Cet acte de vandalisme fait suite à l'agression, dans la nuit de jeudi à vendredi, des forces de l'ordre à Ajaccio dans le quartier des Jardins de l'Empereur. Deux pompiers et un policier ont été blessés. Dans la journée, près de 600 personnes se sont rassemblées devant la préfecture, en soutien aux trois blessés. Une rendez-vous à l'initiative principalement de syndicats de pompiers.

Débordements

En marge de cette manifestation, environ 250 à 300 participants avaient pris la direction du quartier des Jardins de l'Empereur. Ces personnes, encadrées par des policiers déployés pour maintenir le calme, ont cherché à identifier les auteurs des violences de la nuit, aux cris de "On est chez nous!" ou "Arabi fora (les Arabes dehors)!". Des policiers empêchent les habitants de pénétrer dans les immeubles, explique France 3 Corse.

Des policiers ont également été déployés devant chaque salle de prière musulmane de l'île, explique vendredi soir sur BFMTV le préfet de Corse du Sud. Ce dernier s'est immédiatement rendu sur les lieux. Interpellé par les manifestants, il a déclaré être présent "pour éviter des débordements". Christophe Mirmand indique que pour le moment aucune interpellation n'a eu lieu que ce soit pour l'agression des pompiers ou la profanation de la salle de prière.

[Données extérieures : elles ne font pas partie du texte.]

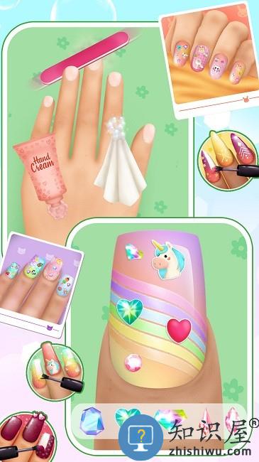 1、玩家扮演时尚美甲师,给甜心公主修剪指甲,挑选搭配颜色,制作出新款式的美甲。

"Nous verrons si des témoignages peuvent être exploités", explique-t-il.

"Profanation inacceptable"

Dans la nuit de jeudi à vendredi, les sapeurs-pompiers sont appelés dans ce quartier jugé sensible pour intervenir sur un feu. Arrivés sur place, les soldats du feu sont accueillis par des projectiles, comme du verre. L'incendie semble avoir été provoqué par les agresseurs pour attirer les forces de l'ordre dans un véritable guet-apens.

Après cette agression à l'encontre des forces de l'ordre, suivie du saccage de la salle de prière musulmane, Manuel Valls a condamné fermement ces deux actes. "Après l'agression intolérable de pompiers, profanation inacceptable d'un lieu de prière musulman. Respect de la loi républicaine", a indiqué le Premier ministre sur Twitter.

La condamnation est également très ferme du côté du ministère de l'Intérieur. Bernard Cazeneuve a dénoncé des "exactions intolérables aux relents de racisme et de xénophobie". Le ministre a indiqué souhaiter que les responsables de l'agression des pompiers et des policiers soient "interpellés dans les meilleurs délais", et que dans le même temps, tout la lumière soit faite sur les dégradations commises dans la salle de prière, des exactions qui "portent atteinte aux valeurs mêmes de la République".

De son côté, le Conseil Français du Culte Musulman (CFCM) a "condamné avec force" le vandalisme dans cette salle de prière. "Nous sommes absolument consternés et attristés", a réagi sur BFMTV, Dalil Boubakeur, le président d'honneur du CFCM, qui lance un appel au "calme, au sang-froid et à l'apaisement pour que les choses rentrent dans l'ordre le plus rapidement possible sur l'île de Beauté, dans l'île de la paix."